Aus dem Fraport-Urteil des BVerfG, 1 BvR 699/06 vom 22.2.2011
Für das Vorliegen der „unmittelbaren“ Gefährdung bedarf es einer konkreten Gefahrenprognose. Bloße Belästigungen Dritter, die sich aus der Gruppenbezogenheit der Grundrechtsausübung ergeben und sich ohne Nachteile für den Versammlungszweck nicht vermeiden lassen, reichen hierfür nicht. Sie müssen in der Regel hingenommen werden.


Überwachen und Bespitzeln
  • Urteil in Göttingen: Polizeispitzel dürfen in Niedersachsen nicht mehr unerkannt in Demos agieren (NDR, 7.11.2013)

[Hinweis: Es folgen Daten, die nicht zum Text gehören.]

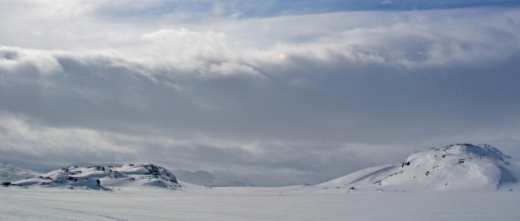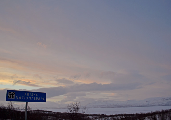 I Abisko, vid Vetenskapliga Stationen. En kvällspromenad genom byn,ner mot jokken vars is redan börjar ge upp.
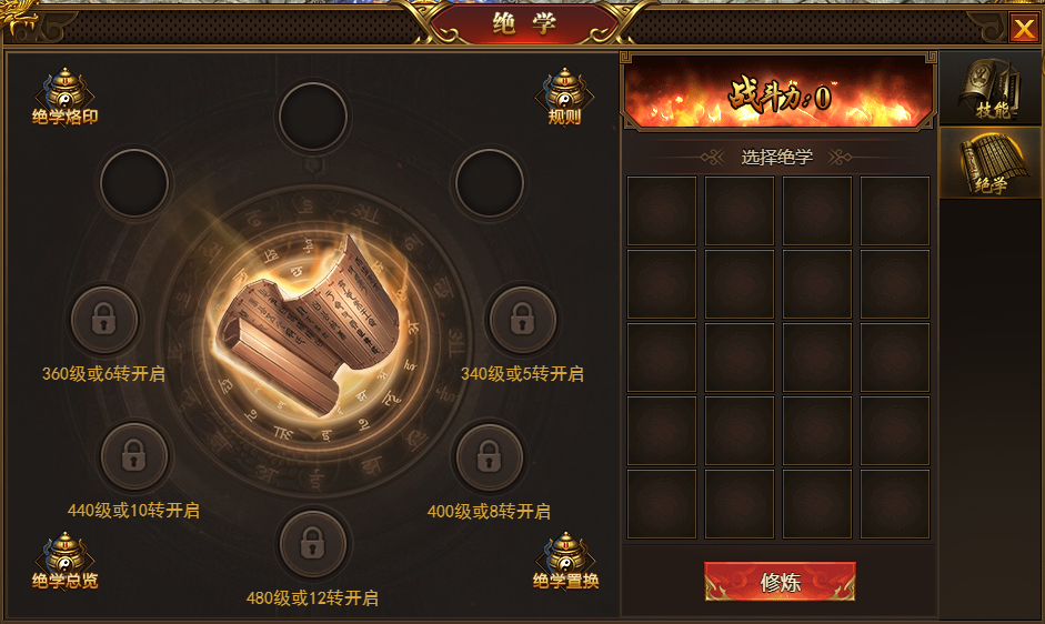2、绝学槽的开启需要角色提升转生等级
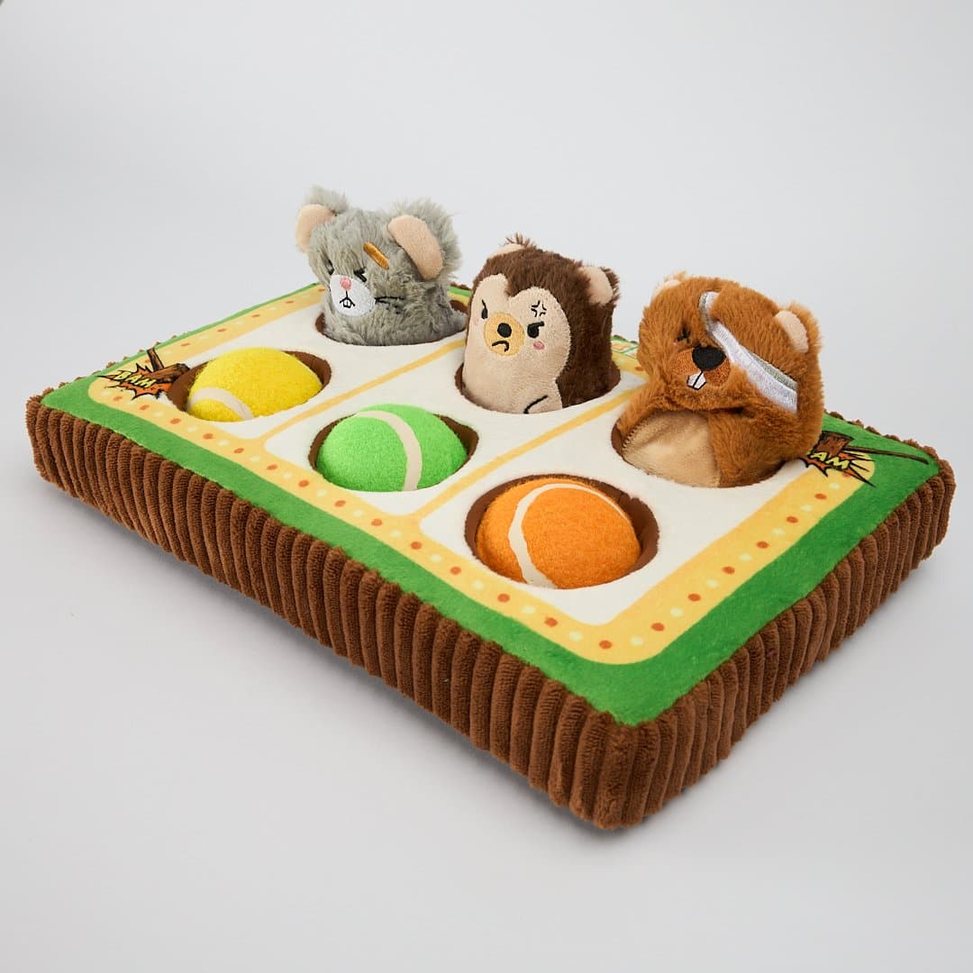 The Paws for Life Snuffle Mat Dog Toy Whack-a-Mole Style brings the classic arcade game to life for your dog, offering a feast of sniffing and fetching fun. This interactive mat features plush critters and squeaky tennis balls that pop up from their holes, with fleece-lined cavities perfect for hiding treats to challenge your dog's foraging skills.
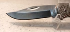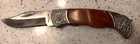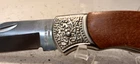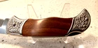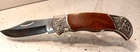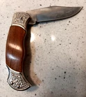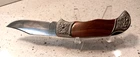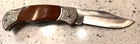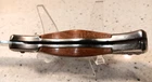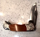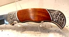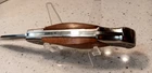 From my brother's collection: 7 1/4" open length, 4" closed, 1 1/2" width O.A., 3/4" thick because the wood is beautifully bowed in its construction. This is an impressive pocket knife and ready to be on display in any avid collectors treasured bounty of unique cutlery. I must down-size and so must pass on things I treasure from things passed on to me from my family. My brother's knife, sword, spear collection was vast and varied, along with other memorabilia from science fiction movies etc. I post items as I unwrap them from there carefully wrapped boxes. If you have room for this awesome pocket knife, it is priced appropriately and awaits it's place in your collection. Thank you for visiting!
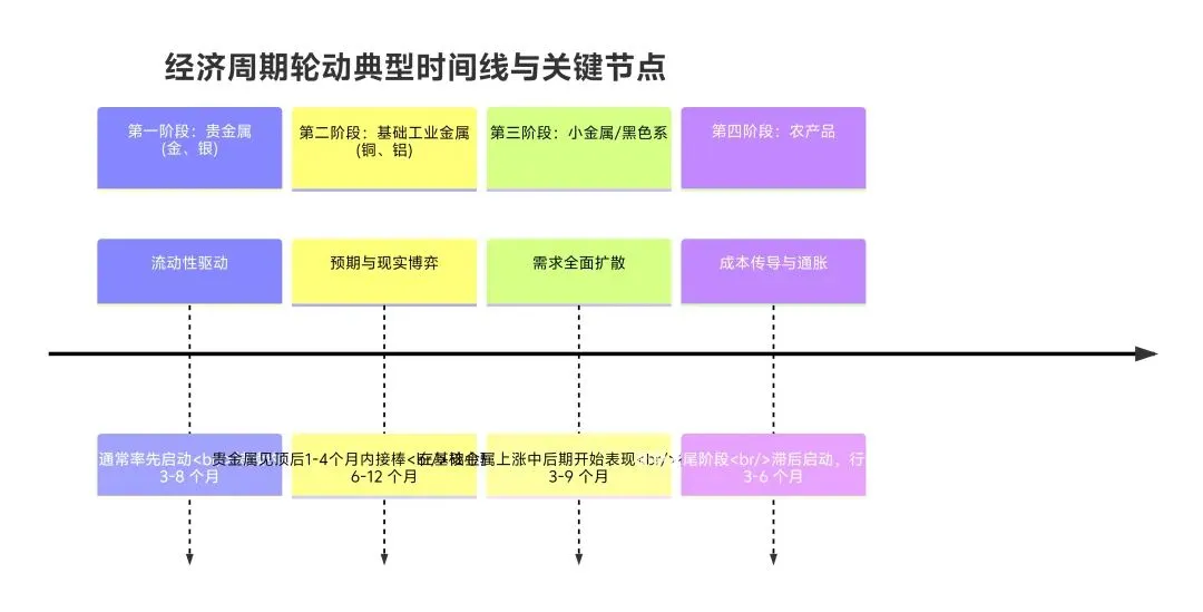 你看,理想情况下,这个车轮从黄金开始转到粮食,一套下来可能要两三年。但现实中,它经常卡在半路。比如黄金涨完了,大家等着铜铝涨,结果发现房子还是没人买,基建开工也不及预期,那行情可能就在“第二阶段”熄火了,后面的钢、粮就更没戏了。这就是为什么轮动的时间根本没法预测,有时候两个阶段紧密衔接,几个月就完成切换;有时候在一个阶段能反复震荡折腾一两年。
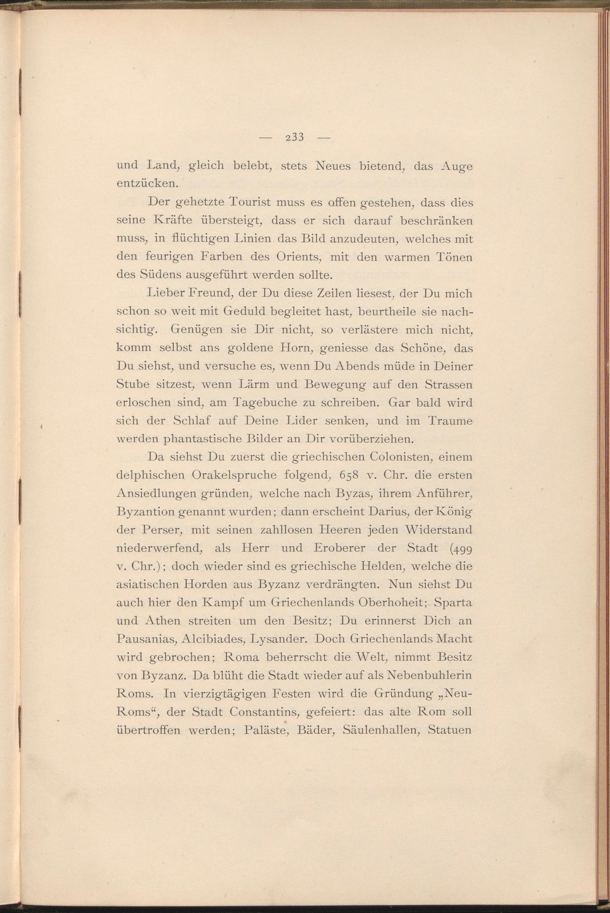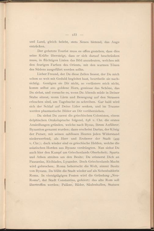 Lieber Freund, der Du diese Zeilen liesest, der Du mich schon so weit mit Geduld begleitet hast, beurtheile sie nachsichtig. Genügen sie Dir nicht, so verlästere mich nicht, komm selbst ans goldene Horn, geniesse das Schöne, das Du siehst, und versuche es, wenn Du Abends müde in Deiner Stube sitzest, wenn Lärm und Bewegung auf den Strassen erloschen sind, am Tagebuche zu schreiben. Gar bald wird sich der Schlaf auf Deine Lider senken, und im Traume werden phantastische Bilder an Dir vorüberziehen.
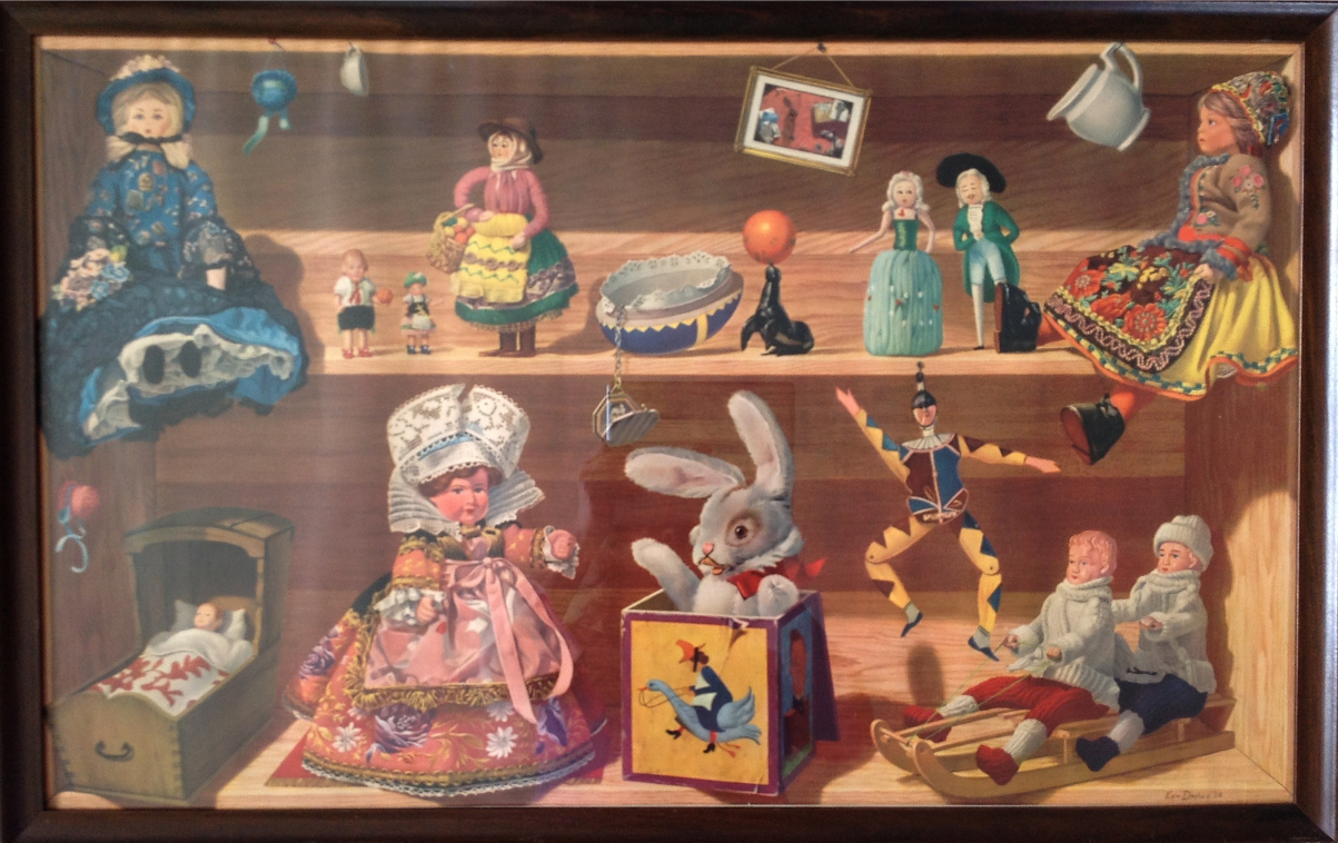 I’ve found some great picture at the thrift stores recently. The first one is a print from 1954 by Ken Davies called “Dearest Dolls”. From a bit of research, it seems as if this was a print commissioned by Family Circle magazine. This is painted in what is known as trompe-l’œil–painting something so realistic as to make it appear like it is actually a three dimensional object. All of his subjects involve some form of Americana and after looking at his website, I wish I could have a whole houseful of his paintings!

  • Es wird schlimmer kommen: Das Bundesinnenministerium hat 76 neue "Beweissicherungs- und Dokumentationskraftwagen" gekauft. Deren Hersteller wirbt mit dem Slogan "Entdecken, identifizieren und stören" ... siehe den Text von Matthias Monroy: "Mit Auge und Ohr gegen den kommenden Aufstand", auf: telepolis am 9.7.2014

Kritisches Interview zu immer härteren Auflagen für Demos, in: Junge Welt, 4.2.2006 (S. 2), Auszüge:
Mit der Begründung, in der Vergangenheit seien wiederholt Festnahmen der Polizei über Lautsprecherwagen bekanntgegeben und kommentiert worden, fordert die Polizei ungehinderten Zugang zu den Lautsprecherwagen. ... Die Versammlungsbehörde und die Polizei verbieten diesmal nicht nur das Abspielen von Musiktiteln, die auf dem Index stehen oder strafbaren Inhalt haben. Selbst frei im Laden erhältliche Musikstücke dürfen nicht gespielt werden, wenn sie möglicherweise beleidigenden Inhalt haben. Dabei kann "beleidigender Charakter" mit "alles, was einfach nicht gefällt" übersetzt werden. ... In letzter Konsequenz heißt das, daß wir nur noch nackt und mit gefesselten Händen demonstrieren dürfen, sonst könnten wir uns ja noch die Hände vors Gesicht halten.